O demônio noturno... Nietzsche não disse, mas sempre penso na pinta da meia-noite, a hora mais extraordinária. Nesse instante exato todos os tempos estão reunidos. Um dia está completo, outro dia está em começo. O fim de um é exatamente o início do outro. Um segundo antes ainda se distinguiam hoje e amanhã. Um segundo depois, ontem e hoje. Na pinta da meia-noite, ontem, hoje e amanhã fulguram num instante que assinala a própria eternidade. Tudo concentrado. Um tempo só. É nele que aprendemos que o passado se enovela com o futuro, no presente, e tudo é um. A pinta da meia-noite é o senhor que não afirma nem nega: nela estão todos os sinais. Precisamos jogar fora os relógios e os calendários para escutarmos o que diz “a profunda meia-noite”, escreveu ainda Nietzsche. Foi num poema. Os poetas sabem o tempo.

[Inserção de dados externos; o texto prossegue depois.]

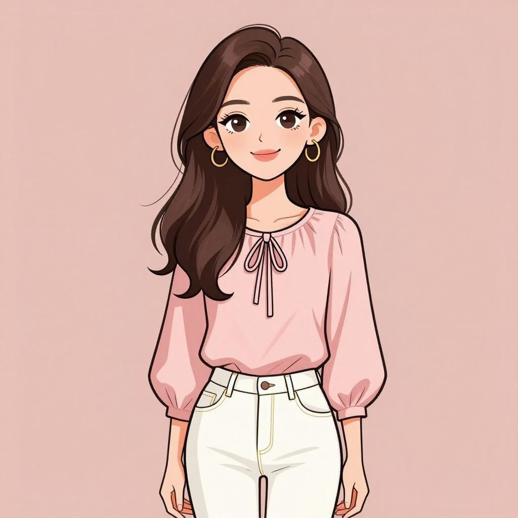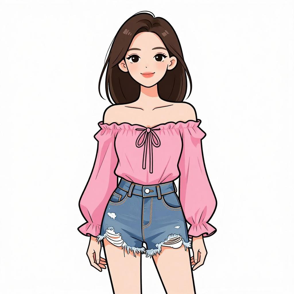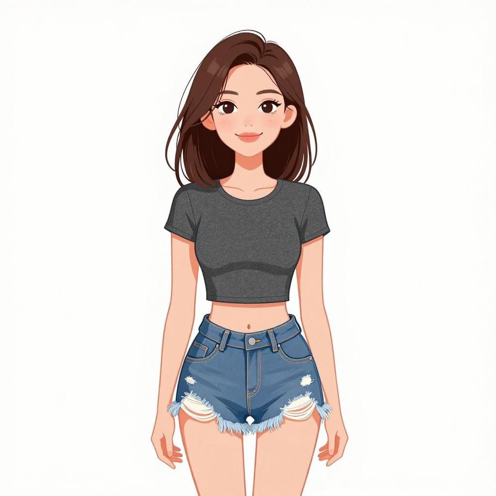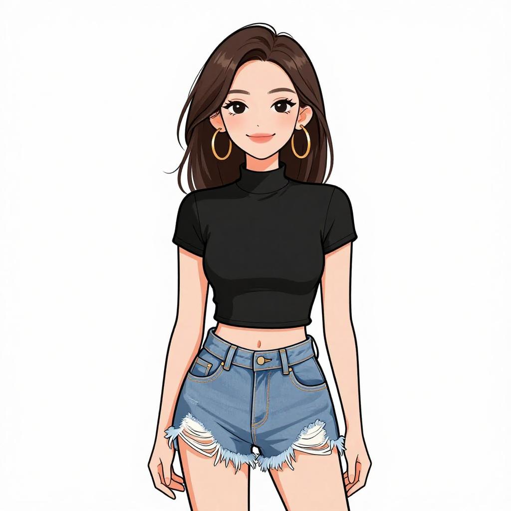 Woman with pretty face and pretty hair. smiling Woman, casual streetwear, oversized acid-wash pink cropped t-shirt with a pocket detail, high-waisted distressed denim shorts, large silver hoop earrings, simple makeup, white background --sref 1467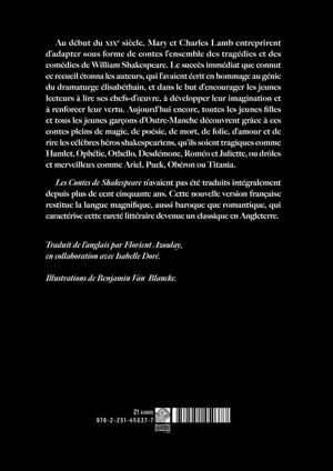 Au debut du XIXe siecle, Mary et Charles Lamb entreprirent d'adapter sous forme de contes l'ensemble des tragedies et des comedies de William Shakespeare. Le succes immediat que connut ce recueil etonna les auteurs, qui l'avaient ecrit en hommage au genie du dramaturge elisabethain, et dans le but d'encourager les jeunes lecteurs a lire ses chefs-d'oeuvre, a developper leur imagination et a renforcer leur vertu. Aujourd'hui encore, toutes les jeunes filles et tous les jeunes garcons d'Outre-Manche decouvrent grace a ces contes pleins de magie, de poesie, de mort, de folie, d'amour et de rire les celebres heros shakespeariens, qu'ils soient tragiques comme Hamlet, Ophelie, Othello, Desdemone, Romeo et Juliette, ou droles et merveilleux comme Ariel, Puck, Oberon ou Titania. Les Contes de Shakespeare n'avaient pas ete traduits integralement depuis plus de cent cinquante ans. Cette nouvelle version francaise restitue la langue magnifique, aussi baroque que romantique, qui caracterise cette rarete litteraire devenue un classique en Angleterre.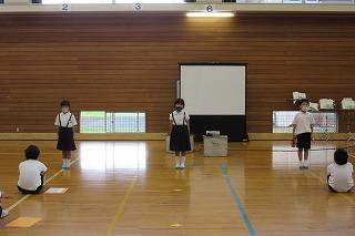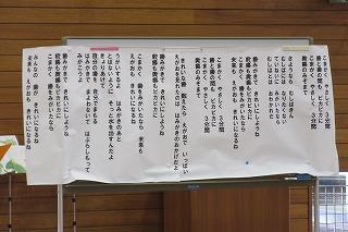 最後に、1年生が国語科「やくそく」の音読発表会と詩の暗唱をしました。一人一人が体育館に響き渡るような大きな声で話しており、1年生の成長が感じられました。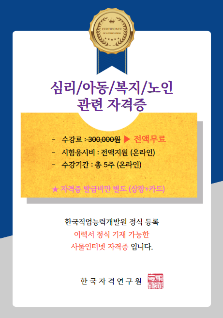 - 심리상담사 아동 복지 노인 인강자격증(300,000원) 무료 제공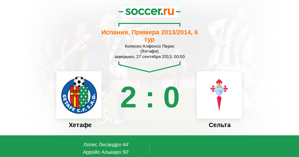 Протокол матча Хетафе против Сельта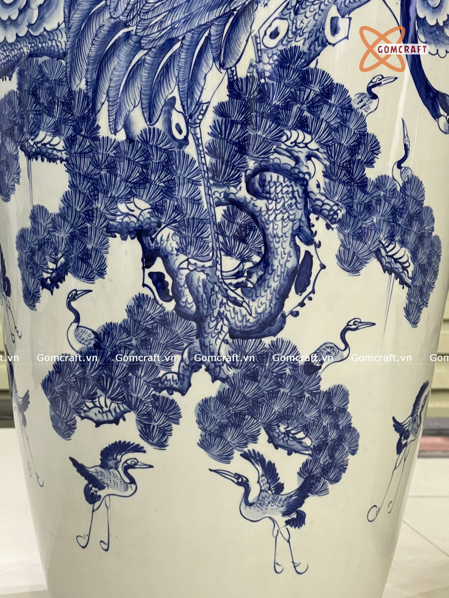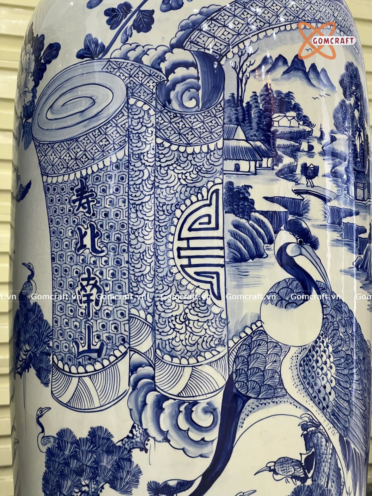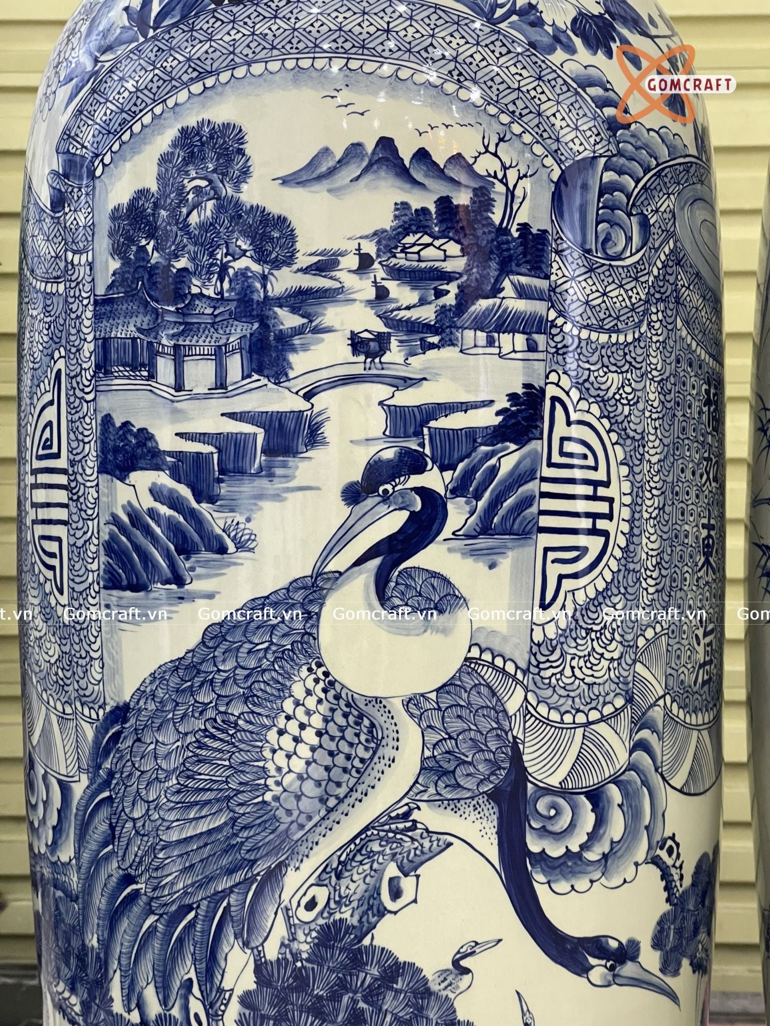 Quà Tặng Bố lục bình Bát Tràng | Lục Bình Bát Tràng men lam vẽ Cuốn Thư Tùng Hạc cao 1m4 bụng 40cm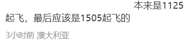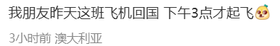 根据社交媒体上的信息,该航班原定于上午11:25起飞,但因事故延误至下午3点才得以起飞,延误时间超过3小时。航空公司向乘客发放了20澳元的餐补作为补偿,但这一措施并未完全平息旅客的不满情绪。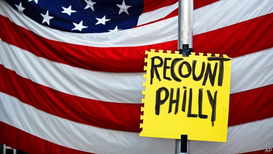 So far, Mr Trump’s lawsuits have fared poorly. But as long as he keeps fighting, most Republicans see more political risk in accepting Mr Biden’s victory—and thus inviting the wrath of Mr Trump—than in humouring him. Another goal of his lawsuits may be to raise just enough doubt about the outcome in key states to pressure Republican-held state legislatures to put forth their own sets of electors, substituting their will for the voters’.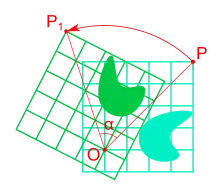 Для проведення обертання з використанням матриць, точку записують у вигляді вектора, потім множать на матрицю від кута , схожу на: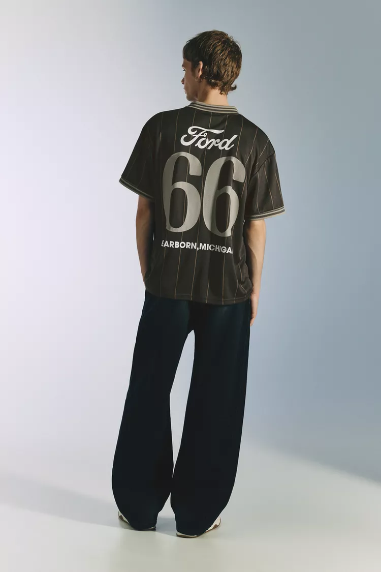 Футболка с номерным знаком Ford, с графическим рисунком спереди и сзади, V-образным вырезом с ребристой отделкой и короткими рукавами.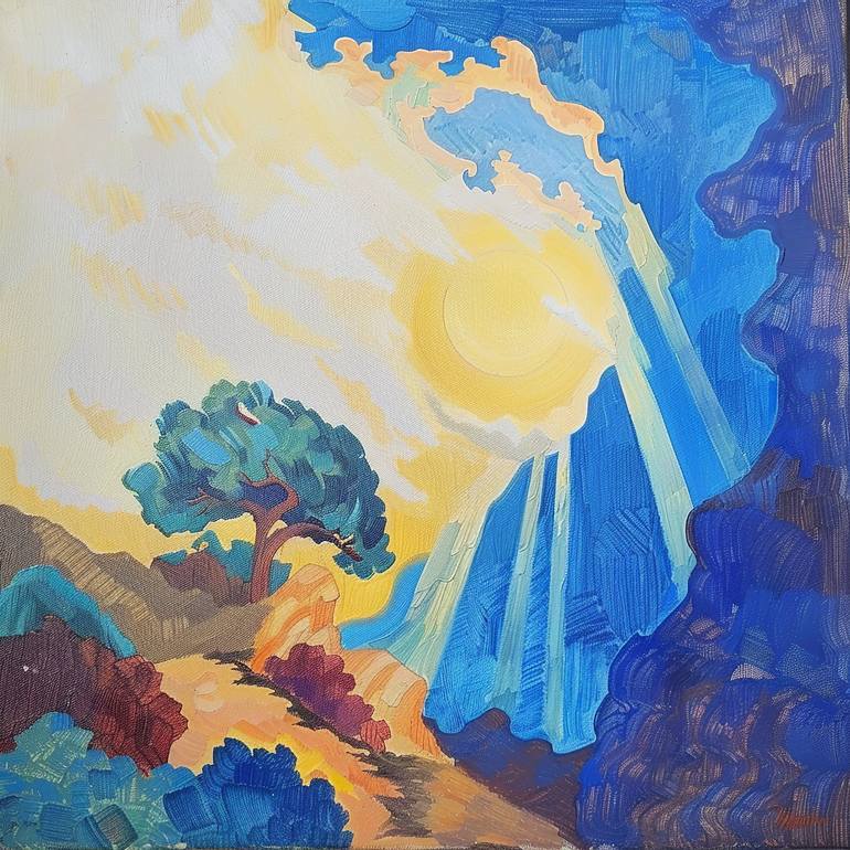 "Golden Radiance" is a mesmerizing landscape painting that captures the brilliance of sunlight breaking through the clouds. The composition features a single tree atop a hill, surrounded by lush foliage in shades of green, blue, and red. The sky is filled with dynamic sunrays in warm yellows and co...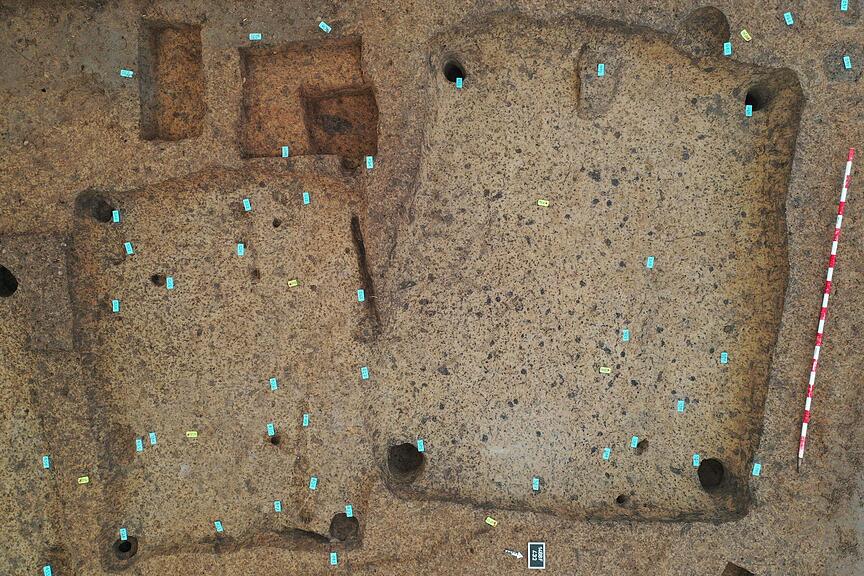Die archäologischen Befunde umfassen die Überreste zahlreicher Holzgebäude, darunter Wohn- und Wirtschaftsgebäude, die typischerweise als Pfostenbauten konstruiert wurden: Die hölzernen Ständer der Wände waren direkt im Boden verankert, weshalb von solchen Gebäuden in erster Linie charakteristische Reihen von Pfostenlöchern zeugen.

Há tanto de oculto... O misterioso nos assusta. Contra ele inventamos os holofotes. E os espetáculos, que afirmam e negam, mas já não dão sinais. É pagar, sentar e anestesiar-se. O mistério incomoda, dá náuseas. Mas é no oculto que se prepara o extraordinário. O fora da ordem. Sem seus sinais não será reconhecido. A quem não o espera, não ocorre. E como estamos precisados do extraordinário! Uma vida banalizada no consumo de si merece o susto do que não cabe na feira. Do que não se compra. Do que se experimenta quando se aprende a nem ocultar nem mostrar — mas a ler sinais. Quando não se mata o passado e, com isso, se perde o futuro — junto com o sentido do presente. Quando se vive na pinta da meia-noite, que reúne e separa. Pois são as mesmas as “portas de dia e noite”, disse Parmênides, o outro grande pré-socrático. As mesmas. Uma não há sem a outra. Amanhecer é um trabalho noturno.

Não entendemos isso, ficou difícil demais para nossas mentes de computador. Sim/não. Zero/um. E só. Nada no meio, acima, abaixo, ao lado, entre. — Alegra-me a ideia de que, sendo Heráclito e Parmênides tão antigos e tão novos, estejam tanto no nosso passado quanto no nosso futuro. O já dito, o ainda a pensar. E nós habitando a pinta da meia-noite. Onde passado e futuro se contraem. Nem ocultam nem mostram, mas dão sinais. Abramos os olhos para a escuridão da meia-noite. Nela está o tempo disruptivo do instante, nela um outro tempo é possível. E um outro mundo. Certamente melhor.